Data shown:
⟨

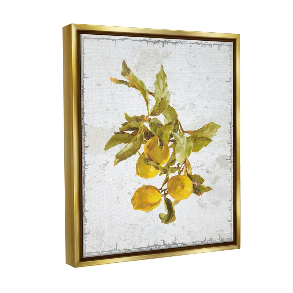 Elevate your home or office to the next level with Stupell Framed Floating Canvas Wall Art. Our premium hand-stretched canvas is mounted securely into a sturdy lightweight frame. The museum-style gap between the wrapped canvas and the box frame gives the illusion of floating artwork. Stupell Wall Art is made in the USA.Features: Dimensions: 17 x 1.7 x 21 Frame, 16 x 1.5 x 20 Canvas ArtFloating Frame Canvas Products are available in sizes 17"x21" and 25"x31". All Floating Frame Canvas Products have a 1.7" Depth.Wall Art is Ready to Hang with Hardware Free Hanging. No Installation required. For Easy Set Up Lean or Layer Artwork on Shelf or Against Wall. Artwork is Permently Fixed into the Frame.Our elevated 1.7" Thick Floating Frame is the perfect complement to our canvas style Wall Art. We use only the highest quality inks in house with industry leading printing solutions. Canvas is hand stretched over a durable wood foundation and then mounted securly into a Modern Box Frame. Made in the USA.Artwork Relates To: Citrus, Fruit, Lemon, Plant, Produce, Rustic, CountryDesign by GraffiTee Studios
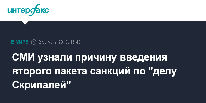 Москва. 2 августа. INTERFAX.RU - США вводят в отношении России второй пакет санкций в связи с "делом Скрипалей", так как Москва не выполнила требование Вашингтона и не предоставила гарантии неприменения химического и биологического оружия, объяснил агентству Bloomberg высокопоставленный чиновник администрации США.
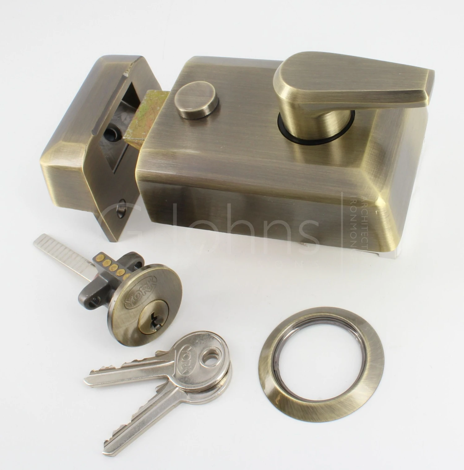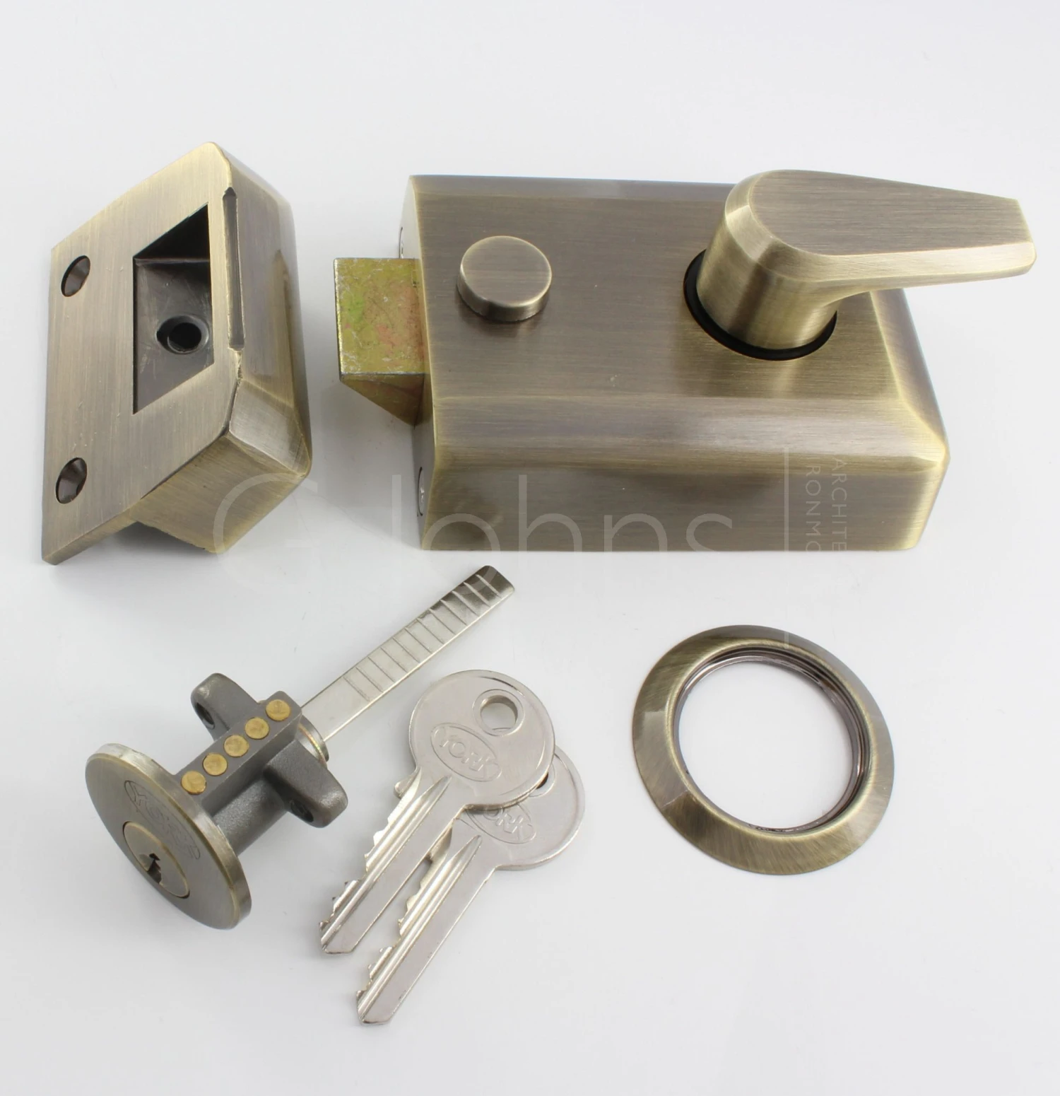- Night latch can be dead-locked (double locked) form the outside by a full turn of the key
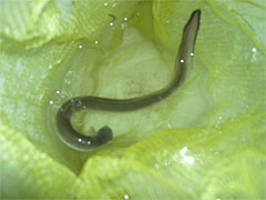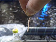 | 魚肉ワーム。さっきっぽにつけるそうだ | アバウトな網。ビニール袋で穴が空いている。 |

⟩

Your goal:
Retype exactly, and only, the lines from the one containing "- Night latch" through the end of the material, leaving aside every picture.

Exercise result:
- Night latch can be dead-locked (double locked) form the outside by a full turn of the key
 | 魚肉ワーム。さっきっぽにつけるそうだ | アバウトな網。ビニール袋で穴が空いている。 |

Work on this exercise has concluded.